Problem details → I would like the lines below, from the one with "47 にはま環境協議会 森を取り戻そうプロジェクト" through the one with "保罗·兰热尔亦到访澳门，并与澳门特区行政长官岑浩辉会面 Paulo Rangel", copied exactly and without any pictures.
-- Provided data follows --
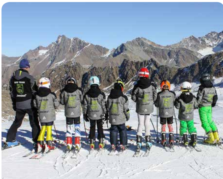
Tak prezentują się zawodnicy „Śnieżki” w kurtkach z herbem Karpacza
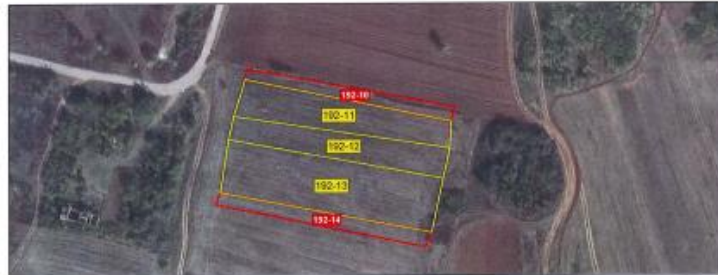
Ortofoto e parcelave nr. 192-11, 192-12 dhe 192-13 z.k Kërninë , Komuna e Istogut.

Sipërfaqja grafike e përbashkët e parcelave përpulhet me sipërfaqen tekstuale dhe është në kuadër të tolerancës.
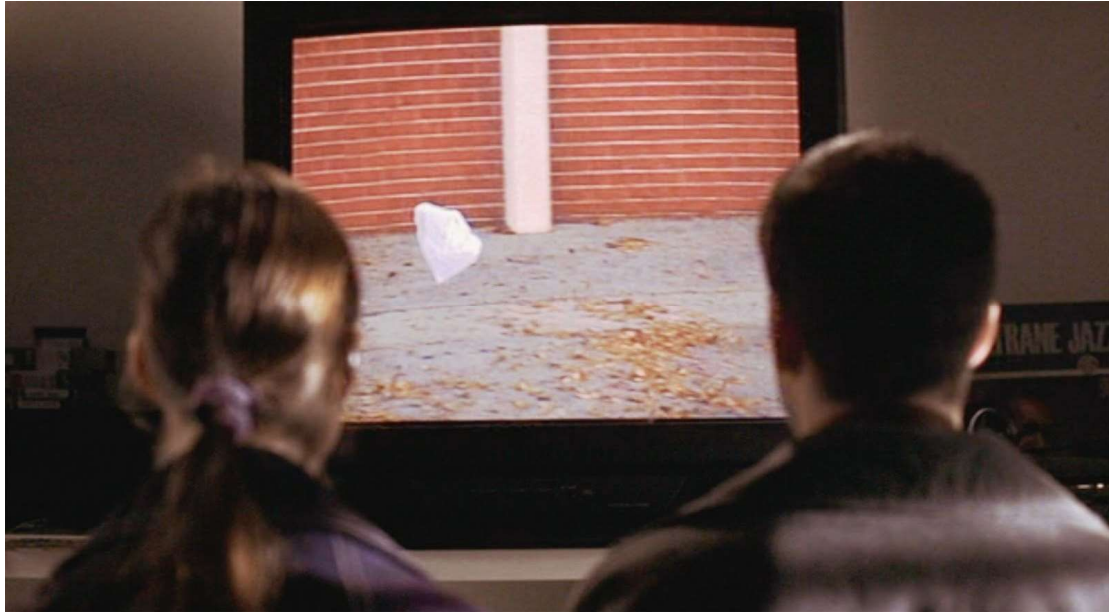
Fig. 7 Sam Mendes American Beauty 1999

Le sac de Mendes tournicote comme un papillon butineur au-dessus d'un champ de fleurs. Il est filmé comme un corps doué d'une vie exclusive.
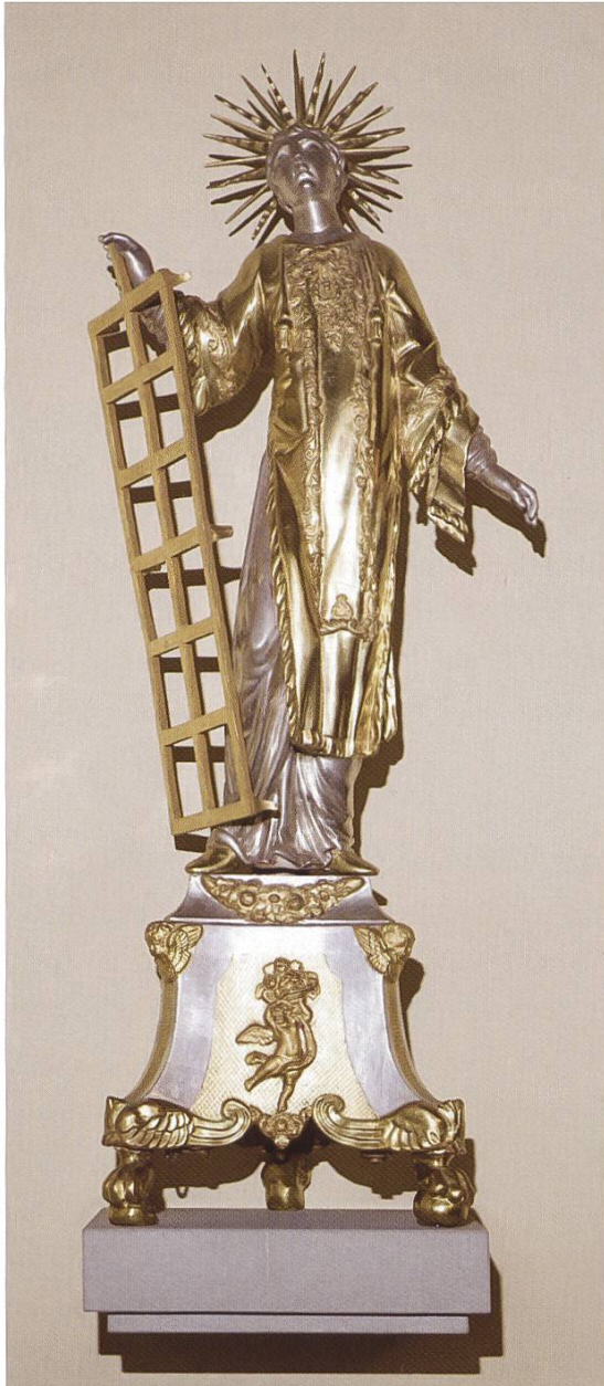
Abb. 1: Der Reichenburger Kirchenpatron St. Laurentius.

Barocke Statue (Holz, gold- und silbergefasst, um 1750), in die heutige Pfarrkirche übernommen.
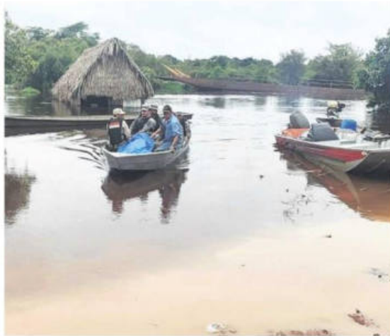
Un operativo de búsqueda y rescate de una persona en el río Rapulo

Hasta el momento se reportan 52 personas fallecidas por las lluvias
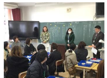
【評議員選出会の様子】

懇談後は、PTA執行部役員様が主体となり、PTA評議員選出会が行われました。会では、今年度のPTA評議員の皆様へ感謝の言葉をお伝えし、その後、来年度PTA評議員の選出を行いました。皆様のおかげで来年度の評議員も無事決まりました。執行部の皆様、今年度評議員の皆様、そして参加された皆様、御協力ありがとうございました。来年度評議員の皆様、どうぞよろしくお願いいたします。
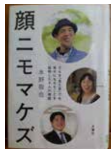
『顔ニモマケズ』水野敬也 (作) / 文響社

著者は、思春期のころ、醜形恐怖という自分の外見への執着に悩み、以来外見へのこだわりや劣等感は幸福を大きく左右する問題だと感じ、「見た目問題」に興味を持つようになりました。NPO法人マ
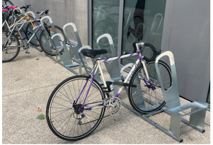
ALTAO Parco - rack de stationnement vélo
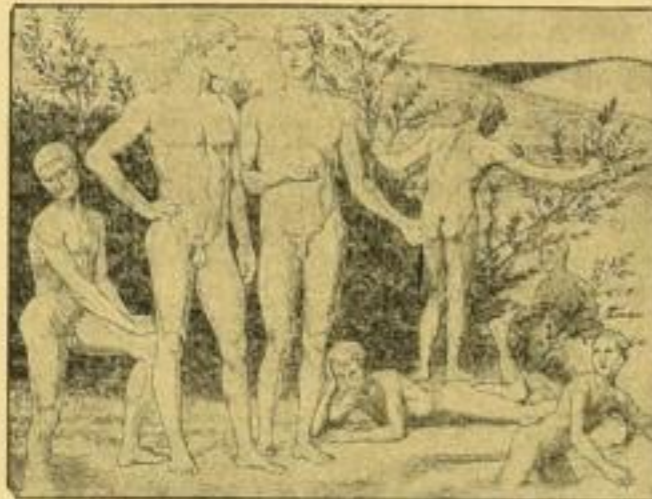
Nr. 151. Tiberbad.

Handlungen mit etwas Sinn für Humor werden durch andauerndes Vorlegen der prächtigen, künstlerisch lauterer Blätter bei der Kundschaft die rechte Antwort auf das groteske Vorkommnis, das durch alle Zeitungen geht, zu finden wissen!
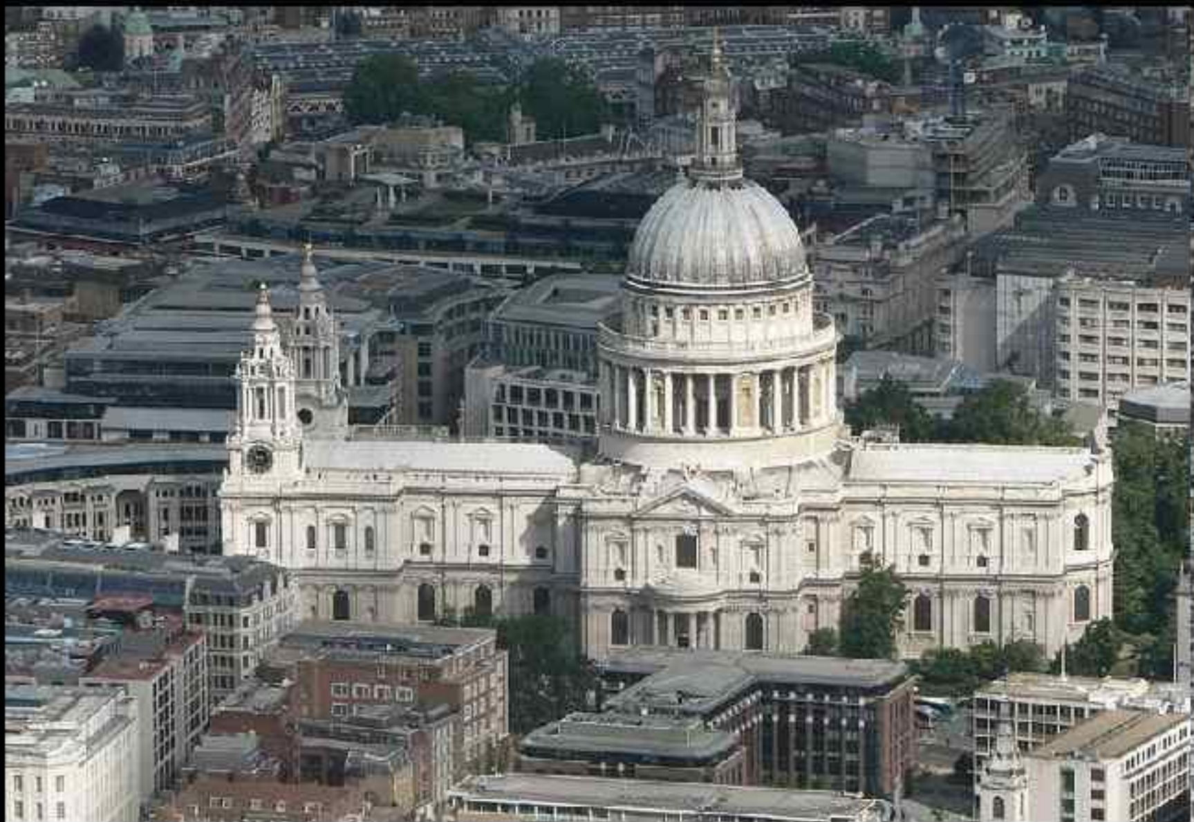
Кристофер Рен. Собор святого Павла, Лондон. 1675-1710
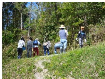
山菜探し始まりました
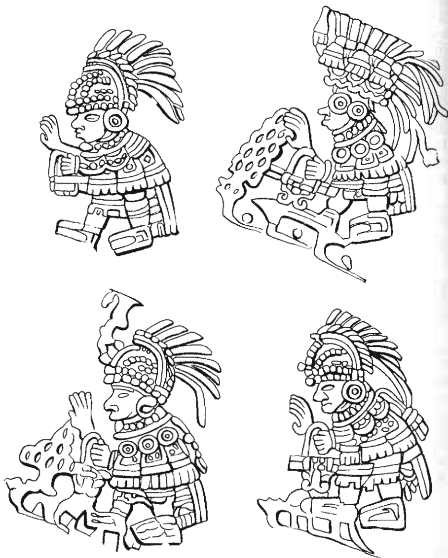
Figura 1. Cuatro personajes del famoso cuenco hallado en Las Colinas y referido por Linné, que quizás representen a los co-gobernantes

hay en el área maya. Sin embargo, si tomásemos como ejemplo los asientos del poder de tiempos de los mexicas, tanto los petates de los primeros gobernantes, como los tules o icpallis , como los cojines cubiertos de pieles de jaguar estaban hechos de materiales perecederos que no subsisten en el registro arqueológico normalmente (Marcus 1992: 195). Algunas figurillas denominadas “trono” parecen representar a bultos mortuorios sobre asientos.
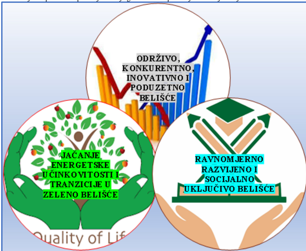
Slika 1: Prioritetna razvojna područja u izradi Strategije (plana) razvoja grada Belišća

Ključna prioritetna područja razvoja grada Belišća prikazujemo na sljedećoj slici:
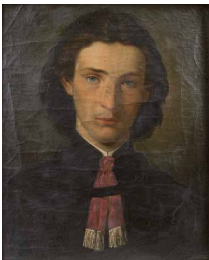
Autoportrét, 60. léta 19. století, Západočeské muzeum v Plzni

Galerie výtvarného umění v Chebu Opus magnum 9. 1. – 30. 3. 2014
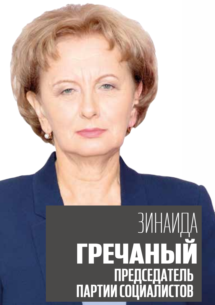
ЗИНАИДА ГРЕЧАНЫЙ ПРЕДСЕДАТЕЛЬ ПАРТИИ СОЦИАЛИСТОВ
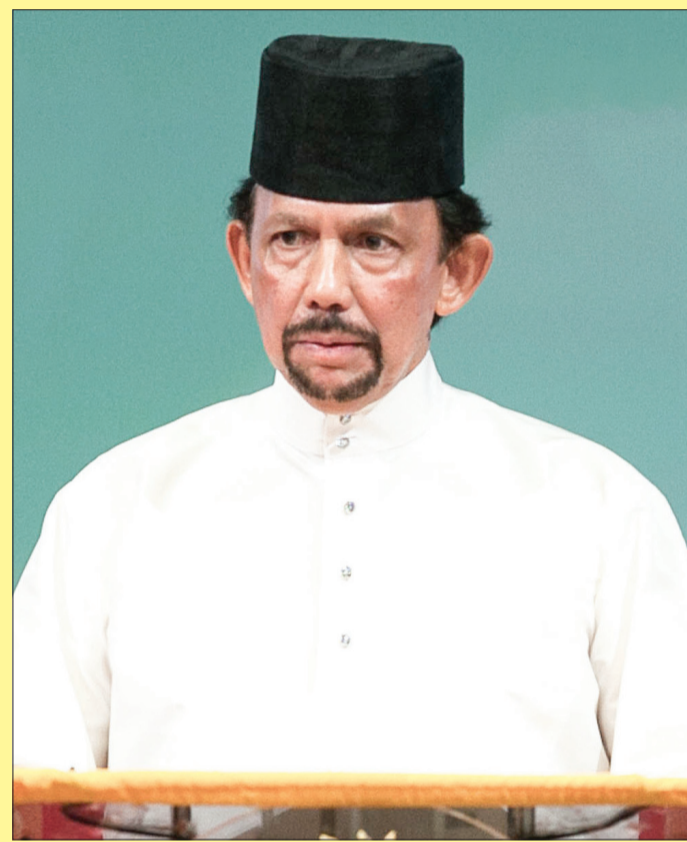
KEBAWAH Duli Yang Maha Mulia Paduka Seri Baginda Sultan Haji Hassanal Bolkiah Mu'izzaddin Waddaulah ibni Al-Marhum Sultan Haji Omar 'Ali Saifuddien Sa'adul Khairi Waddien, Sultan dan Yang Di-Pertuan Negara Brunei Darussalam ketika bertitah dalam Majlis Sambutan Nuzul Al-Qur'an Tahun 1433 Hijriah / 2012 Masihi.
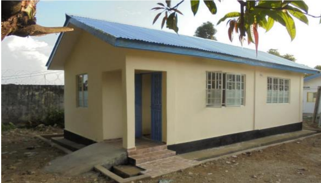
Parte externa del taller de óptica

Los especialistas han podido regresar a sus lugares de trabajo y seguir atendiendo a la población que lo necesita.
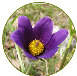
Anémone pulsatille, Vallée des Cailles
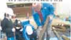
47 にはま環境協議会 森を取り戻そうプロジェクト
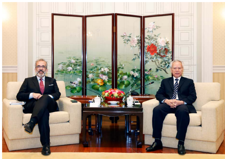
保罗·兰热尔亦到访澳门，并与澳门特区行政长官岑浩辉会面 Paulo Rangel também visitou Macau, onde se reuniu com o Chefe do Executivo local, Sam Hou Fai

Antes de regressar a Lisboa, Paulo Rangel esteve em Macau, onde se encontrou com o Chefe do Executivo do território, Sam Hou Fai. As duas partes trocaram opiniões sobre o intercâmbio e a cooperação bilateral nas áreas judicial, económico-comercial e da educação, entre outras. Sam Hou Fai sublinhou que Macau tem aprofundado o seu papel de ponte e plataforma entre a China e os países lusófonos, impulsionando, de forma contínua, o estabelecimento de relações amistosas nas diversas áreas de cooperação. O Chefe do Executivo da RAEM disse ainda esperar visitar Portugal num futuro próximo. ■
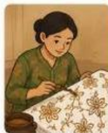
Waktu membuat 2 helai kain batik tulis
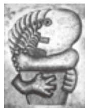
深沢幸雄 1958 銅版
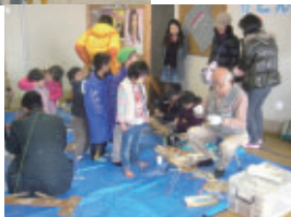
正月遊びを楽しむ 親子連れ
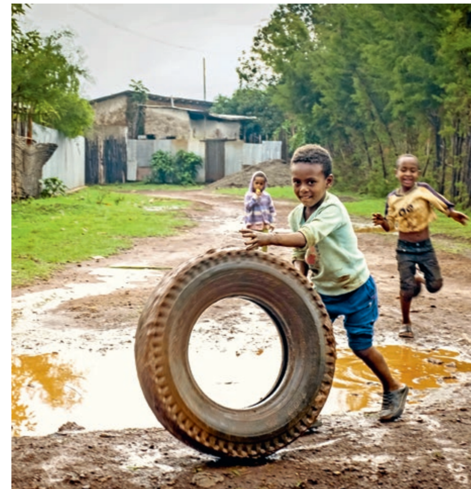
Entlegener Distrikt ohne Infrastruktur: Die meisten Strassen in Abaya sind Erdpisten
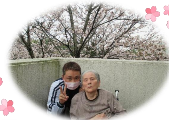
ポカポカ陽気の中で お花見しました
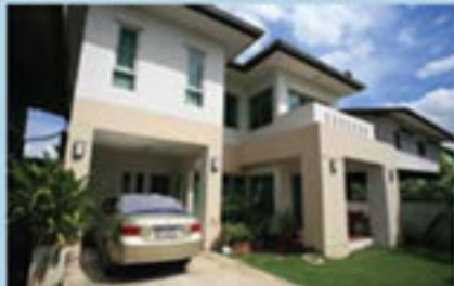
คุณจักรกฤษณ์ นพคุณ แบบบ้าน New Design/Modern Contemporary Style พื้นที่ใช้สอย 193 ตร.ม. ที่ดิน 50 ตร.ว.
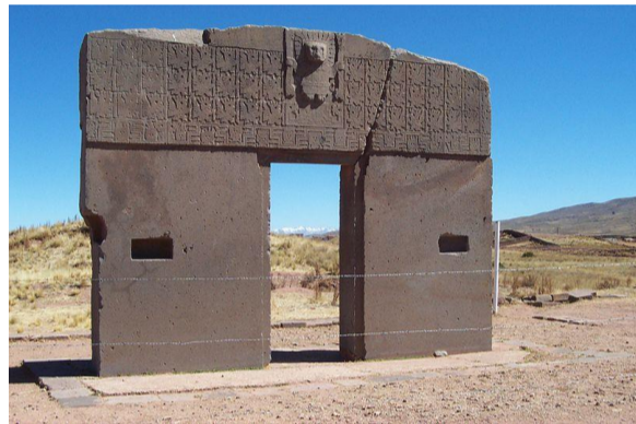
PUERTA DEL SOL, BOLIVIA TIWANAKU
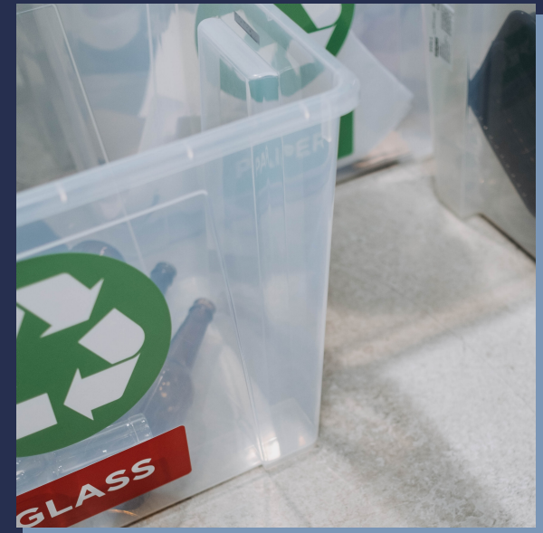
Раздельный сбор мусора
-- Provided data concluded --
Solved problem →
47 にはま環境協議会 森を取り戻そうプロジェクト
保罗·兰热尔亦到访澳门，并与澳门特区行政长官岑浩辉会面 Paulo Rangel também visitou Macau, onde se reuniu com o Chefe do Executivo local, Sam Hou Fai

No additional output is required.